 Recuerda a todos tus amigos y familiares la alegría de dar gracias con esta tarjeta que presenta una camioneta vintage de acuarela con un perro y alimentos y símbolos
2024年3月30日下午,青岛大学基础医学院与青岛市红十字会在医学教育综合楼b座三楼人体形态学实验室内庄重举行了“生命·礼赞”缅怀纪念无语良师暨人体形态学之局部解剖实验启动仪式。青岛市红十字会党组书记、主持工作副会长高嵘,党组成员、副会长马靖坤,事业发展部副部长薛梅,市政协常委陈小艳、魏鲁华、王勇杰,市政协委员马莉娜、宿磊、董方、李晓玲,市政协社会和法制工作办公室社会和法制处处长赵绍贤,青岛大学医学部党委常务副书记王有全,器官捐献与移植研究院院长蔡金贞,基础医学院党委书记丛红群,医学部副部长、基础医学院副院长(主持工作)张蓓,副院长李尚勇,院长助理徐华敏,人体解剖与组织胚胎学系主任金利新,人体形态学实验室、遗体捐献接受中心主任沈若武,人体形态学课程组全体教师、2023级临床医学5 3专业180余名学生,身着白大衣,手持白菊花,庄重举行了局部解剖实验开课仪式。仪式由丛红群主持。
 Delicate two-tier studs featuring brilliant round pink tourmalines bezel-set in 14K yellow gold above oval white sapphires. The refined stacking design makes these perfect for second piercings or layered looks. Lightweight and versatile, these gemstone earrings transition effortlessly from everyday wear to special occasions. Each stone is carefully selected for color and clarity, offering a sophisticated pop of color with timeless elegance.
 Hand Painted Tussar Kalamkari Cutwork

--

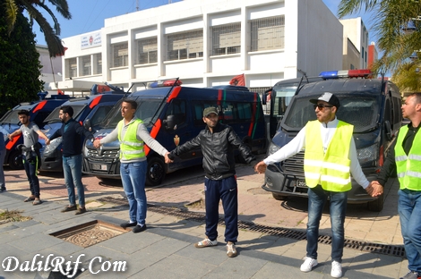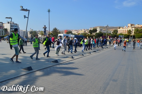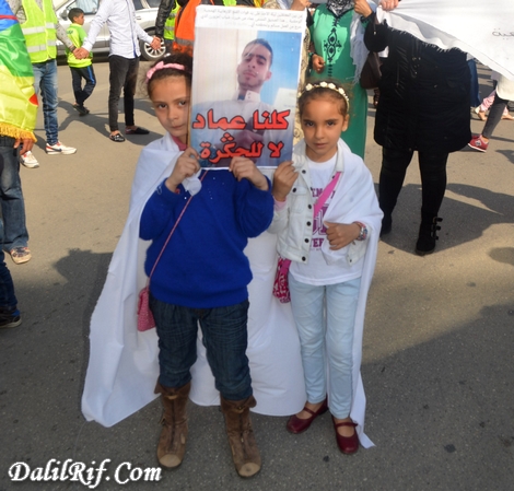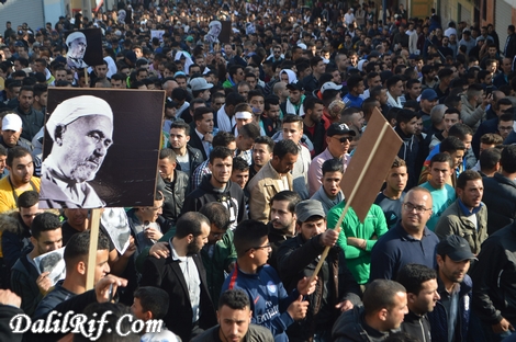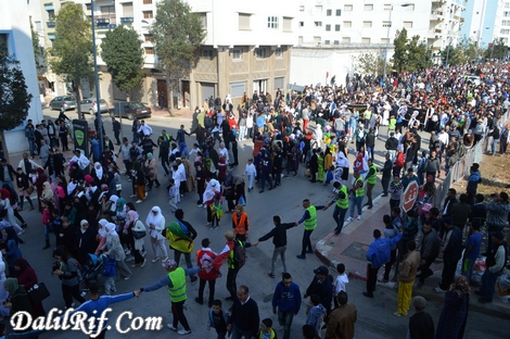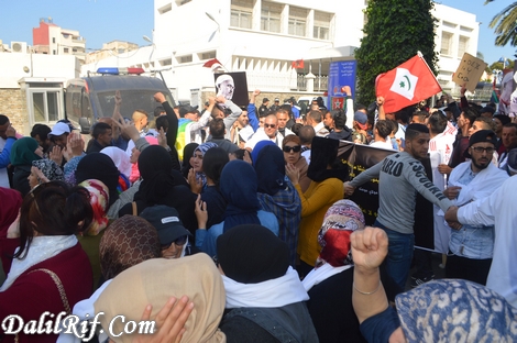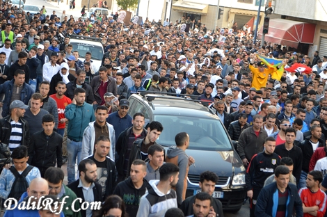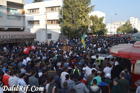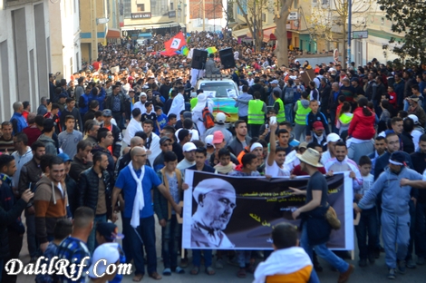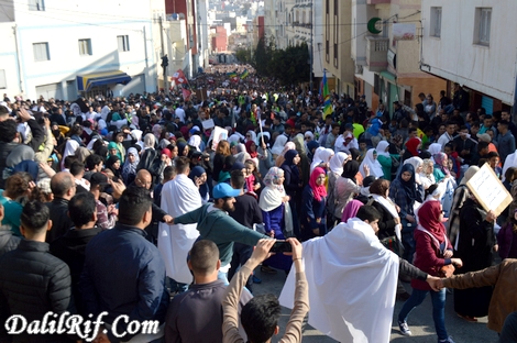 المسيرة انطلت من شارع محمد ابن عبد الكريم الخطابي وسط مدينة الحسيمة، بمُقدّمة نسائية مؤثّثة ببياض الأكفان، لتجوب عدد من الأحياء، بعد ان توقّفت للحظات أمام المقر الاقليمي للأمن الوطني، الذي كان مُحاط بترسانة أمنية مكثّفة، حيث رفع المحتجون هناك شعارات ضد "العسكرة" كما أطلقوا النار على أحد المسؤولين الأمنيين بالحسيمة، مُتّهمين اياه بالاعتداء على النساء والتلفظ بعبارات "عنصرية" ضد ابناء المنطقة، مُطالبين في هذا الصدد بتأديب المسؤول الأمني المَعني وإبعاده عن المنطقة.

Task instructions:
Word for word, restate the lines of the listing above starting at the line with "Recuerda a todos" and ending at the line with "2024年3月30日下午,青", and nothing outside them.

Output:
 Recuerda a todos tus amigos y familiares la alegría de dar gracias con esta tarjeta que presenta una camioneta vintage de acuarela con un perro y alimentos y símbolos
2024年3月30日下午,青岛大学基础医学院与青岛市红十字会在医学教育综合楼b座三楼人体形态学实验室内庄重举行了“生命·礼赞”缅怀纪念无语良师暨人体形态学之局部解剖实验启动仪式。青岛市红十字会党组书记、主持工作副会长高嵘,党组成员、副会长马靖坤,事业发展部副部长薛梅,市政协常委陈小艳、魏鲁华、王勇杰,市政协委员马莉娜、宿磊、董方、李晓玲,市政协社会和法制工作办公室社会和法制处处长赵绍贤,青岛大学医学部党委常务副书记王有全,器官捐献与移植研究院院长蔡金贞,基础医学院党委书记丛红群,医学部副部长、基础医学院副院长(主持工作)张蓓,副院长李尚勇,院长助理徐华敏,人体解剖与组织胚胎学系主任金利新,人体形态学实验室、遗体捐献接受中心主任沈若武,人体形态学课程组全体教师、2023级临床医学5 3专业180余名学生,身着白大衣,手持白菊花,庄重举行了局部解剖实验开课仪式。仪式由丛红群主持。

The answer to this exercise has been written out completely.